Recorded information:
- Opening Delimiter -
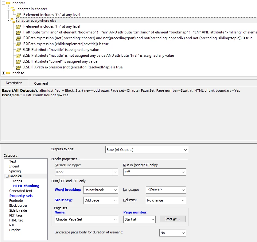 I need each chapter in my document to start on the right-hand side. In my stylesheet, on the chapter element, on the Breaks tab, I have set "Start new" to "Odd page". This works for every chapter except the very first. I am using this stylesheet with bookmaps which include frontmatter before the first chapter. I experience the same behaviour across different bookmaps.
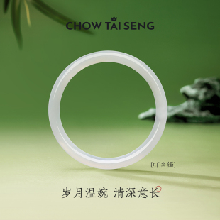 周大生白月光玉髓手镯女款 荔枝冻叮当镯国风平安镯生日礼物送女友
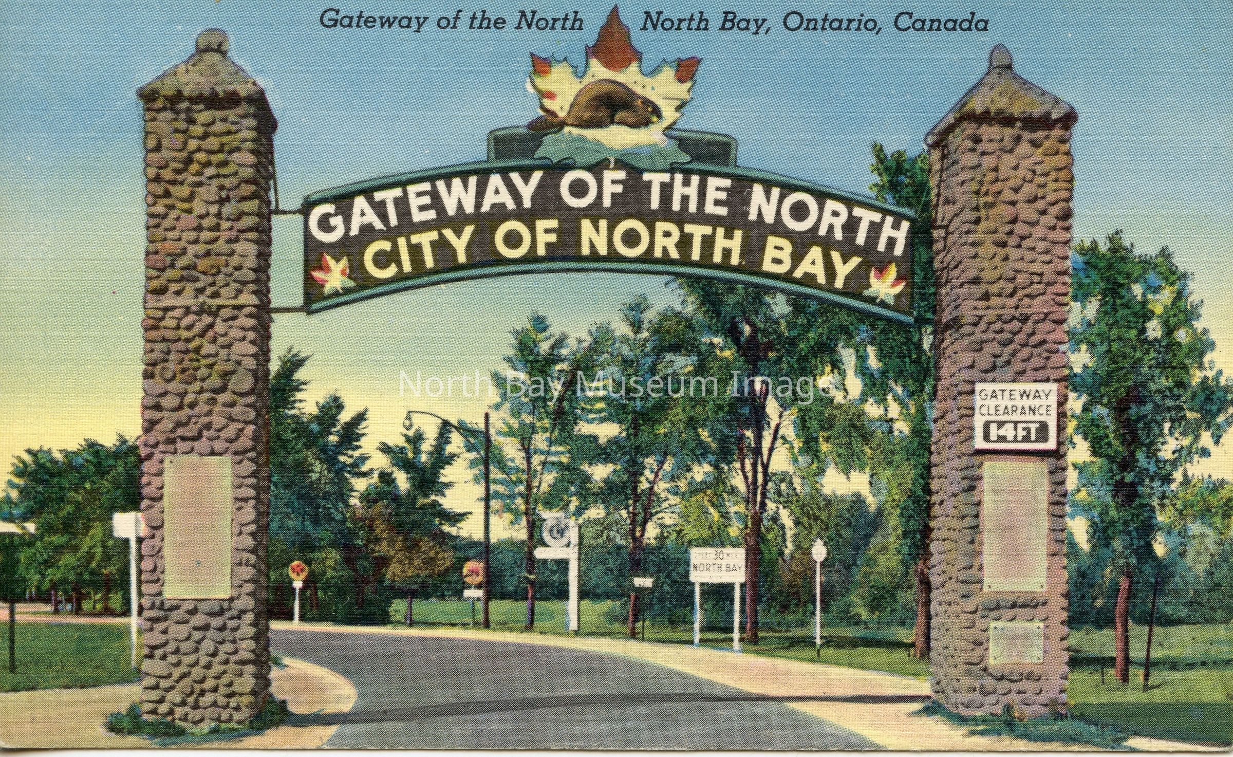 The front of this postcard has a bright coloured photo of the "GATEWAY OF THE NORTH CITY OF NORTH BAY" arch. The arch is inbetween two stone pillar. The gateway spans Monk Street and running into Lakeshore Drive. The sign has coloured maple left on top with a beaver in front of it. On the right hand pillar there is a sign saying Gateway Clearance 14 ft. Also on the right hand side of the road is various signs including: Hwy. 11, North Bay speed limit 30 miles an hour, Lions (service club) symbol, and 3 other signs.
- Closing Delimiter -
- Opening Delimiter -
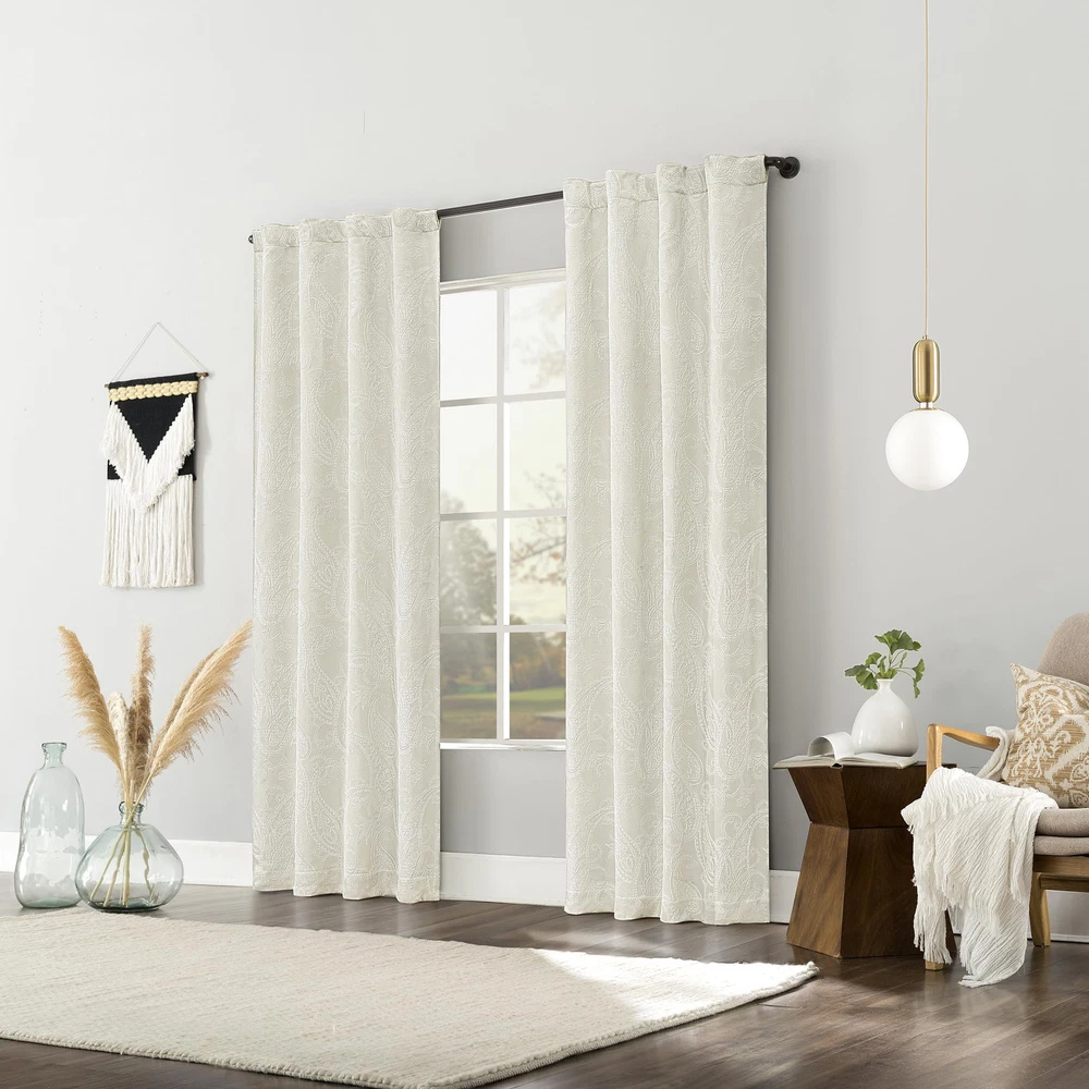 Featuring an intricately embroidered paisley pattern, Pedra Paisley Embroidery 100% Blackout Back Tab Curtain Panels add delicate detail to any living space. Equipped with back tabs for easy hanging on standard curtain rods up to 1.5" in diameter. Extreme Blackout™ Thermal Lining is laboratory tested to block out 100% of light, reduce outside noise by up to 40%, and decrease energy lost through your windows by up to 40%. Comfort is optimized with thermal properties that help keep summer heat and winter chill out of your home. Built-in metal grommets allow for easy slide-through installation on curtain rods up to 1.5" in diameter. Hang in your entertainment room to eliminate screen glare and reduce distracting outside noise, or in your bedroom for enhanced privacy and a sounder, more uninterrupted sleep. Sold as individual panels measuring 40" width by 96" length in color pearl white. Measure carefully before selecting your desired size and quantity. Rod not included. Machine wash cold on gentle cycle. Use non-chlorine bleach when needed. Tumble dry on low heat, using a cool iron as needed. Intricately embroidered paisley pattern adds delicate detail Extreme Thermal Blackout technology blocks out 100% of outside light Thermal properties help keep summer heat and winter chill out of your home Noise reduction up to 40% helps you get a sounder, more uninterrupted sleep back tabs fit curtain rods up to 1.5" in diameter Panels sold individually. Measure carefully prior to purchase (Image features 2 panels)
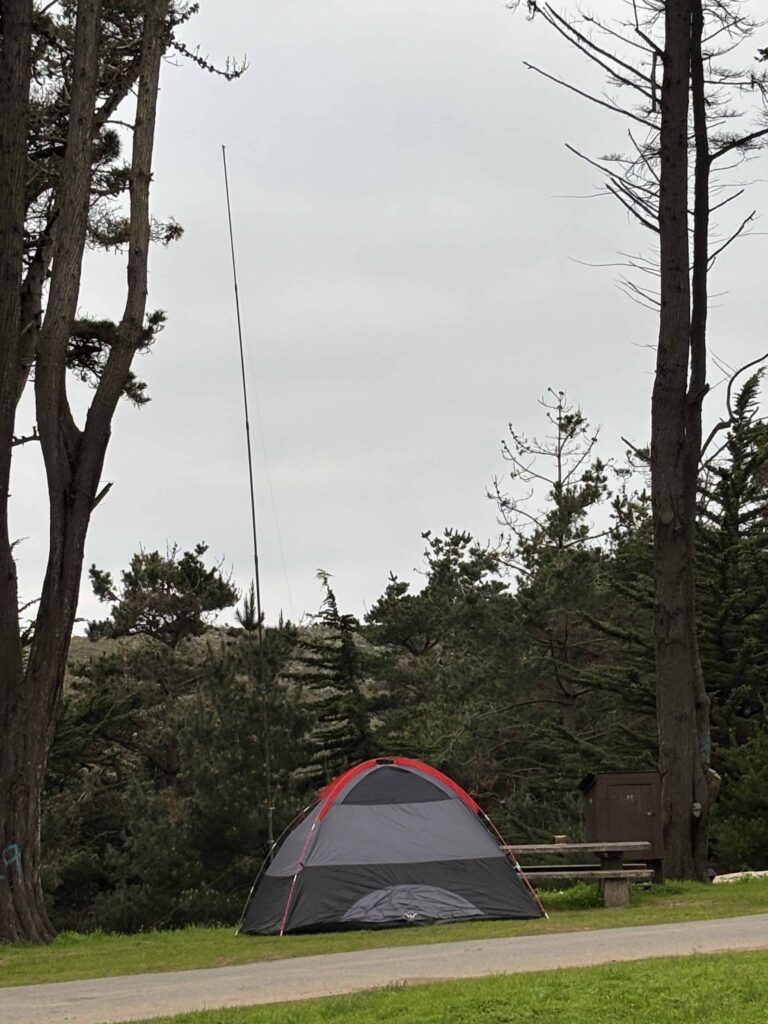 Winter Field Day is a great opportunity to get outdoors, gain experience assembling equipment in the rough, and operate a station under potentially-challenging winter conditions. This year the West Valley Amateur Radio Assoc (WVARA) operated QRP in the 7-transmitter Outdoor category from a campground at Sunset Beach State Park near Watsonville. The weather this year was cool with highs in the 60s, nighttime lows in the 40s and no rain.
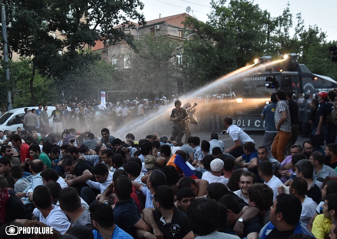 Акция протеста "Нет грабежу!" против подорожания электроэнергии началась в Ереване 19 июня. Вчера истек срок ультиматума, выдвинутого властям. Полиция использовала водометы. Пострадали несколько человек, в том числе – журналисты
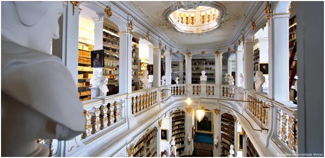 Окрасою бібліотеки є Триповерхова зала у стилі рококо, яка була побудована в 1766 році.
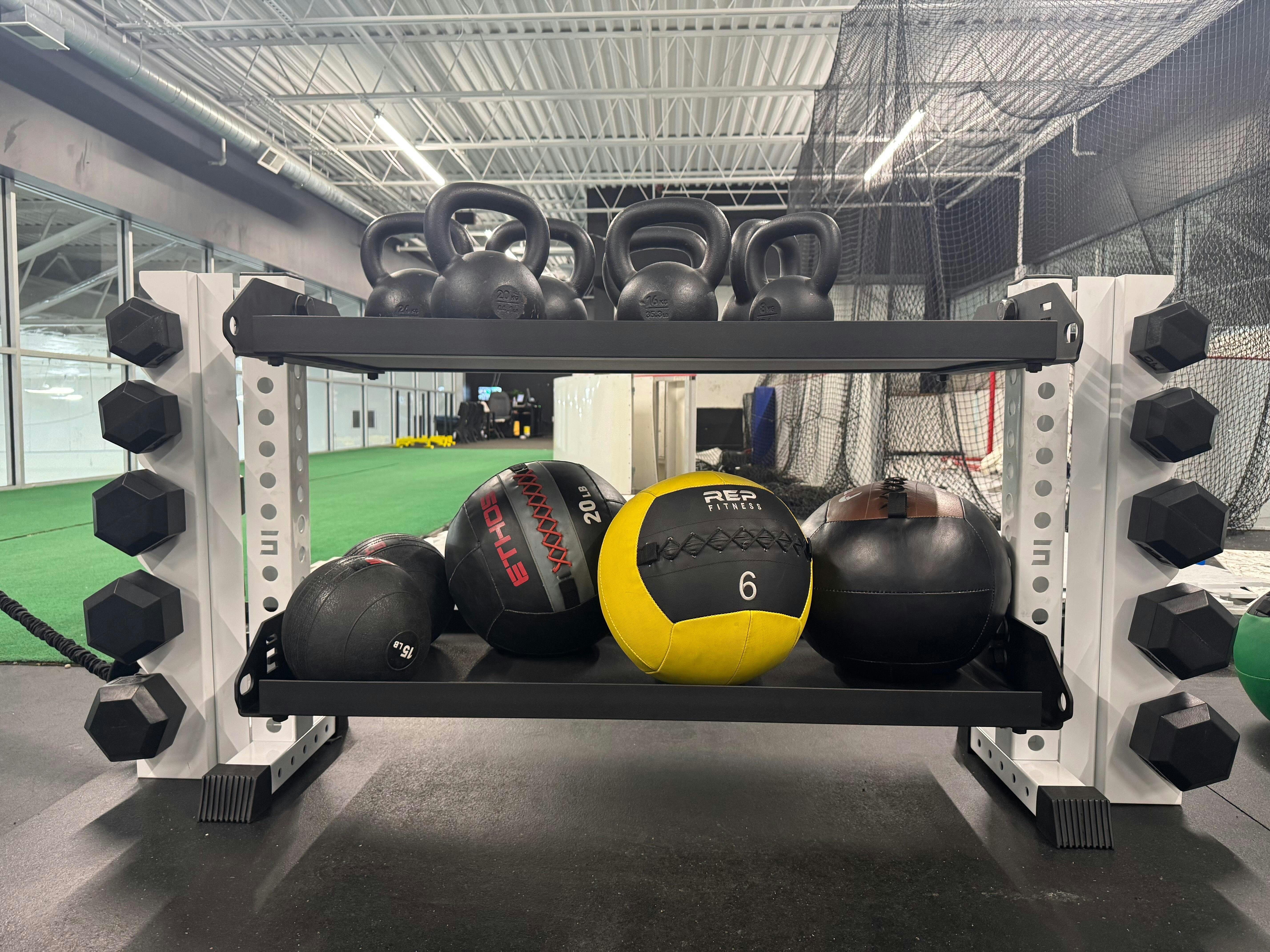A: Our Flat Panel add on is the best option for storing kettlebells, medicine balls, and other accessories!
- Closing Delimiter -
Instructions to follow:
Write out exactly the lines above between the one with "Окрасою бібліотеки є" and the one with "A: Our Flat", inclusive, with pictures left out.

Response:
 Окрасою бібліотеки є Триповерхова зала у стилі рококо, яка була побудована в 1766 році.
A: Our Flat Panel add on is the best option for storing kettlebells, medicine balls, and other accessories!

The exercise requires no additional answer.